Working data
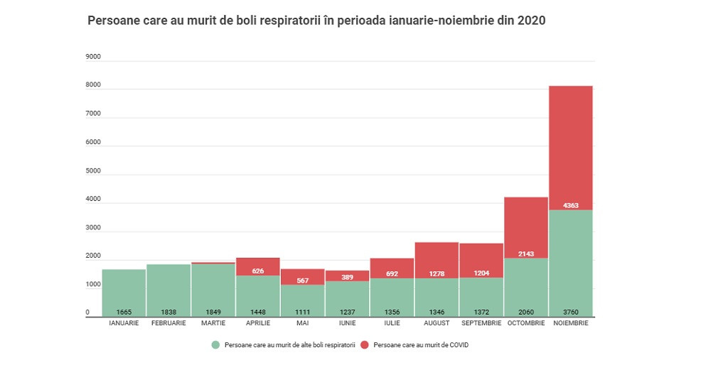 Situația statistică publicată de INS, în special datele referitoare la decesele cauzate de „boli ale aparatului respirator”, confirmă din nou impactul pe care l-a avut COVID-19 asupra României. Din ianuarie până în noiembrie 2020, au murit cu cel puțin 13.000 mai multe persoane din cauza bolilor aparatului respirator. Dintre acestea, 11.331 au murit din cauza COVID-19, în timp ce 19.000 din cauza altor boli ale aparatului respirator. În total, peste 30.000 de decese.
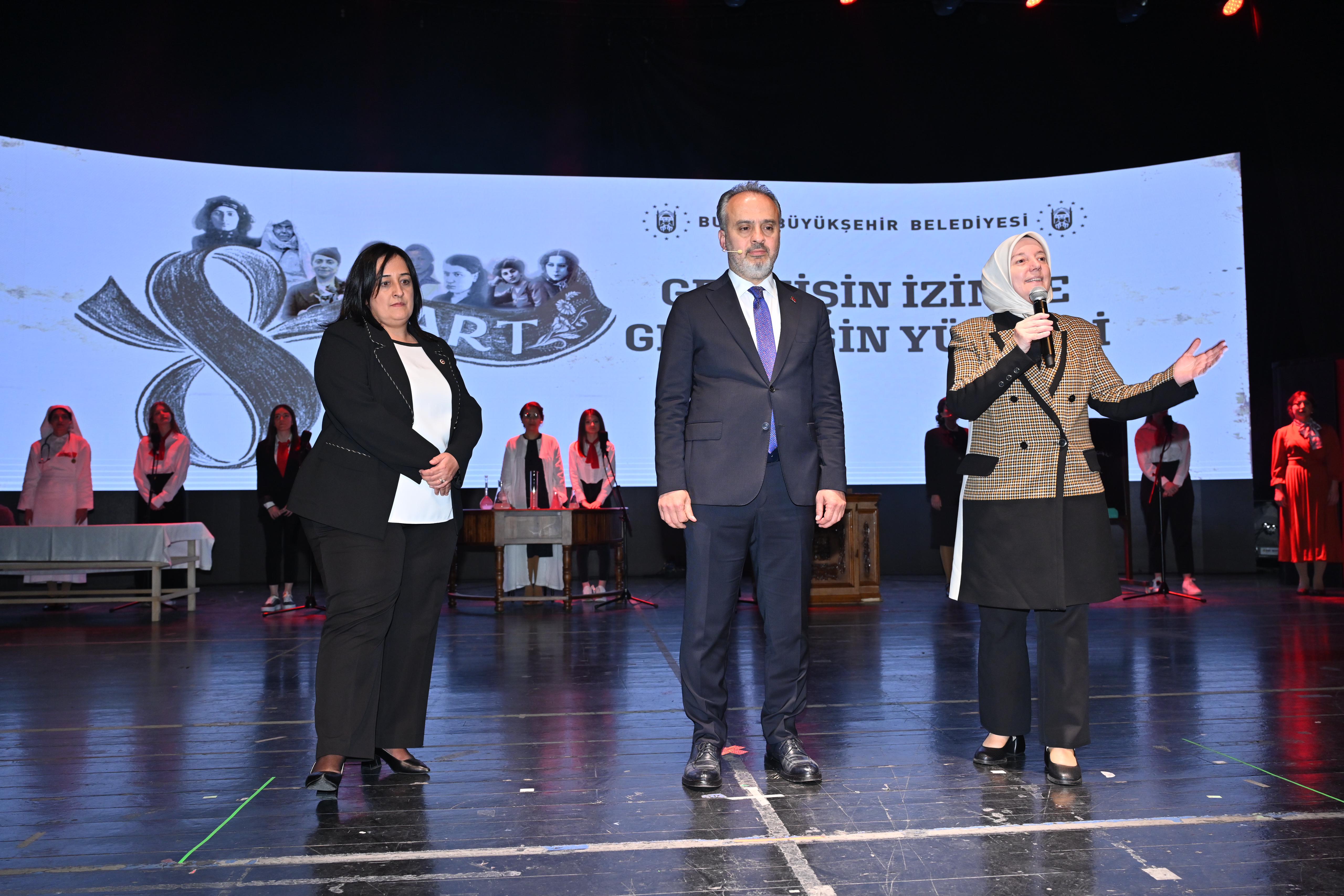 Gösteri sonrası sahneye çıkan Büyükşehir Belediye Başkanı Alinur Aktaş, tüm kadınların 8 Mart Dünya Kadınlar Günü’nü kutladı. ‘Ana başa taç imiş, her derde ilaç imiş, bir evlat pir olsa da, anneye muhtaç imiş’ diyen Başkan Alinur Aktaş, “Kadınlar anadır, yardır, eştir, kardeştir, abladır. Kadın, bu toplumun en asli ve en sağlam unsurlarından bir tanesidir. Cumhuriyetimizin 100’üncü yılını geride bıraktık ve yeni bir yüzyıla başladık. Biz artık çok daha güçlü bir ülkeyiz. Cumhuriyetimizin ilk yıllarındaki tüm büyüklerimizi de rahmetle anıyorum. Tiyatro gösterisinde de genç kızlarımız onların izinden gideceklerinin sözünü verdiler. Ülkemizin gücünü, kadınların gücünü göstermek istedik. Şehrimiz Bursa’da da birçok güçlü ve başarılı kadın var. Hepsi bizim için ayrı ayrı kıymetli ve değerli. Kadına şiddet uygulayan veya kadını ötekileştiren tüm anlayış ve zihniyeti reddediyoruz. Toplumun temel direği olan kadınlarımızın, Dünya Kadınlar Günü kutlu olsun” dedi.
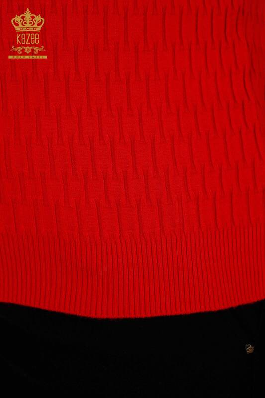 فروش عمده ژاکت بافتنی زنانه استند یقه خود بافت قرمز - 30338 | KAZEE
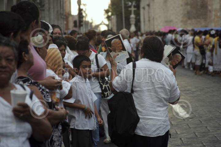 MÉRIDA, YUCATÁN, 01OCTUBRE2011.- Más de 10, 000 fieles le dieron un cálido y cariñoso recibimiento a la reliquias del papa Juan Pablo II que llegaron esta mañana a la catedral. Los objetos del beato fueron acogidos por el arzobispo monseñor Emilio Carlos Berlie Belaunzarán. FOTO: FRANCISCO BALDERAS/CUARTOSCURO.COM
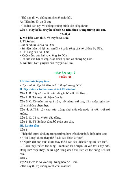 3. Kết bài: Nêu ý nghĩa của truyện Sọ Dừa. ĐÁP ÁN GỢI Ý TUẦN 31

What to do
The output must start at the line holding "MÉRIDA, YUCATÁN, 01OCTUBRE2011.- Más", end at the last line of the listing above, and show each line exactly; please omit all pictures.

Task result
 MÉRIDA, YUCATÁN, 01OCTUBRE2011.- Más de 10, 000 fieles le dieron un cálido y cariñoso recibimiento a la reliquias del papa Juan Pablo II que llegaron esta mañana a la catedral. Los objetos del beato fueron acogidos por el arzobispo monseñor Emilio Carlos Berlie Belaunzarán. FOTO: FRANCISCO BALDERAS/CUARTOSCURO.COM
 3. Kết bài: Nêu ý nghĩa của truyện Sọ Dừa. ĐÁP ÁN GỢI Ý TUẦN 31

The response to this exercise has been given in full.